The previous article reviewed specifics in selecting data management solutions and their functionalities. In this article, we will discuss the following:
- The definition of data lineage in the IT tools context
- Business needs and requirements for a data lineage tool
- Situation with commercial-off-the-shelf (COTS) data lineage tools (based on the analysis of 44 tools) in terms of:
- IT tool types
- Deployment options
- High-level functionalities
- Industry solutions
Data Lineage Definition
There is no aligned definition of data lineage exist. Many professionals mistakenly narrow the understanding of data lineage to the physical level and automated method of its documentation. I shared my practical experience in data lineage implementation in multiple publications: the book “Data Lineage from a Business Perspective,” articles, and webinars. In this article, I will summarize my approach and the latest discoveries in the area of DL tools.
Data lineage is a description of data movements and transformations at various abstraction levels along data chains and relationships between data elements at these levels.
Figure 1 demonstrates the metamodel of data lineage. This metamodel is the result of an analysis of various data lineage-related concepts. Data lineage can be documented at multiple abstraction levels: business, conceptual, logical, and physical. Various data lineage components and objects can describe each abstraction level. For example, at the physical level, a table, column, and ETL jobs are key data lineage components for SQL databases. Different table types, for example, core and lookup, will represent different data lineage objects.
We recognize several data lineage types, as shown in Figure 2.
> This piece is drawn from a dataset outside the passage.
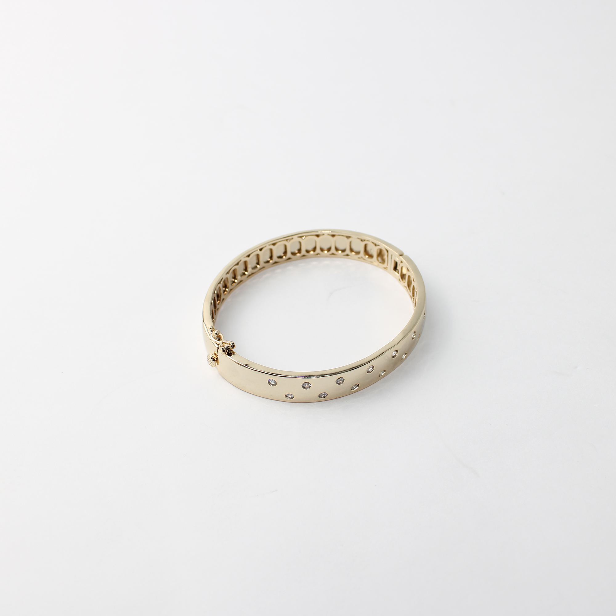 O Bracelete de Metal Polido é a definição de elegância contemporânea e minimalista. Esta peça apresenta uma superfície dourada de alto brilho, estrategicamente adornada com pequenos cristais incrustados que criam um efeito de "pontos de luz", garantindo um brilho sutil e sofisticado ao pulso.

Data lineage classification depends on several factors:
- The object of documentation: metadata and data value lineage
Metadata lineage describes processes that enable data movements and transformations. Data value lineage means describing data movements at the level of data instances.
- The method of documentation: descriptive and automated
The descriptive method means that data lineage is described manually using various IT tools. This method must be used for business, conceptual, and logical layers. Many companies still describe physical data lineage manually in Excel, which is not recommended.
The automated method means ingesting and integrating metadata at the physical level from various repositories. This method requires multiple products and functionalities, including scanners, integration, visualization services, etc.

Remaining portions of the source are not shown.